# K-Means Simulation

In this notebook, since it is a pretty simple algorithm, I will try to calculate Kmeans from scratch. 

## Algorithm Explanation

Given some data, KMeans tries to find the most natural groups/clusters for this data based on their distance to K cluster centers. The algorithm updates the positions of these cluster centers iteratively by taking the mean of the members' positions until there is no change in the positions of these centers, and these groups are defined as the final assignments. 

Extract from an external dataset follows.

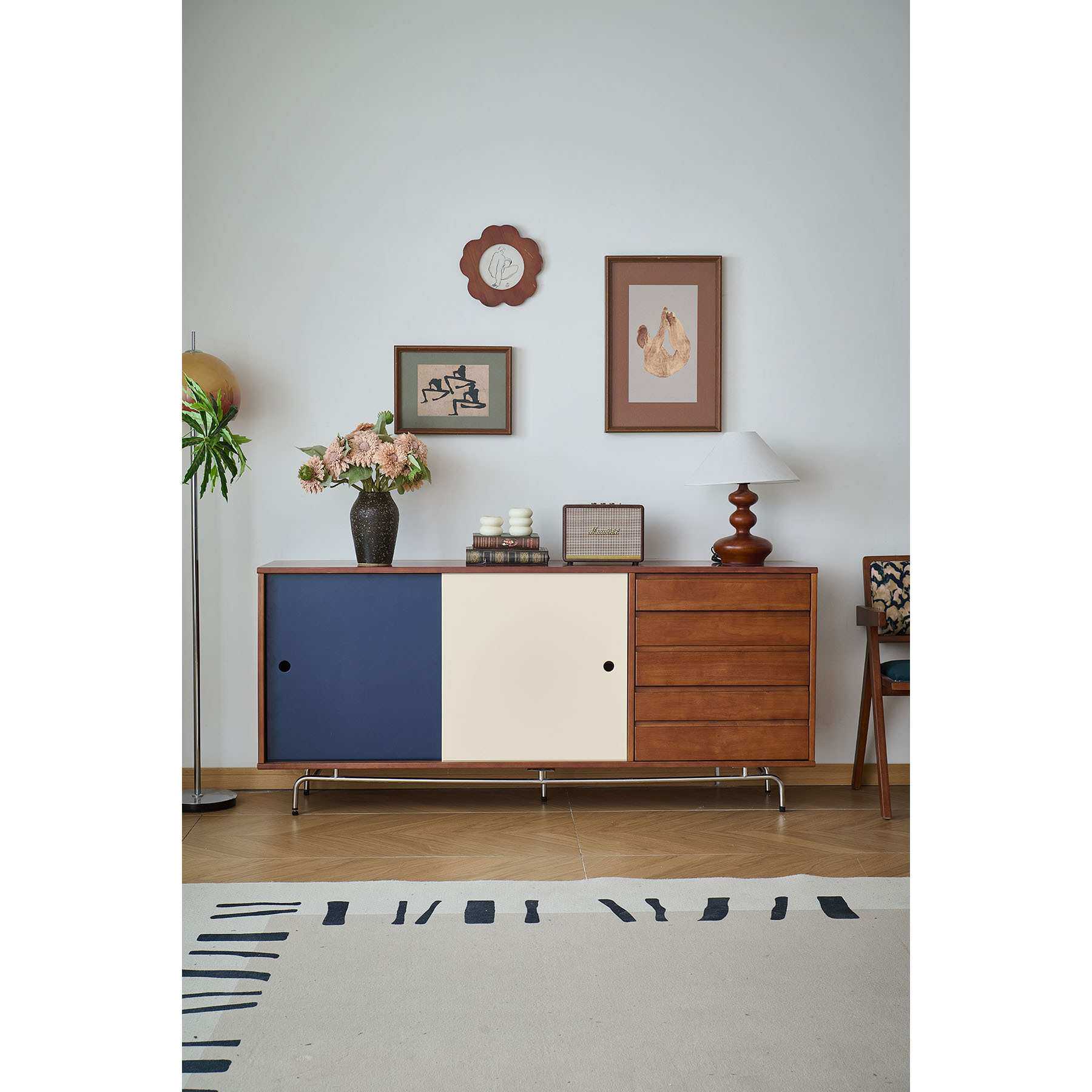 实木餐边柜复古收纳储物柜小户型客厅家用厨房靠墙北欧斗柜置物柜

The steps of operation can be defined as follows:

1. Define number of cluster center, K
2. Define initial K cluster centers, by selecting random values in the feature space.
3. Calculate the distance of all points to the cluster centers, and assign point to the nearest center.
4. Repeat: 

    a) Update the position of the cluster centers by taking the mean of their feature values of it's community members.
    
    b) Recalculate the distance between all data points and the new centers. 
    
    c) Stop when assignments/labels no longer change.
    
There are different ways to perform these operations, with multiple variations of the above. Here, I will calculate the minimal example for simplicity.

We'll also need data to sample, so to use an interesting one, let's use the CDC Nutrition Demographic data uploaded to [Kaggle](https://www.kaggle.com/cdc/national-health-and-nutrition-examination-survey). 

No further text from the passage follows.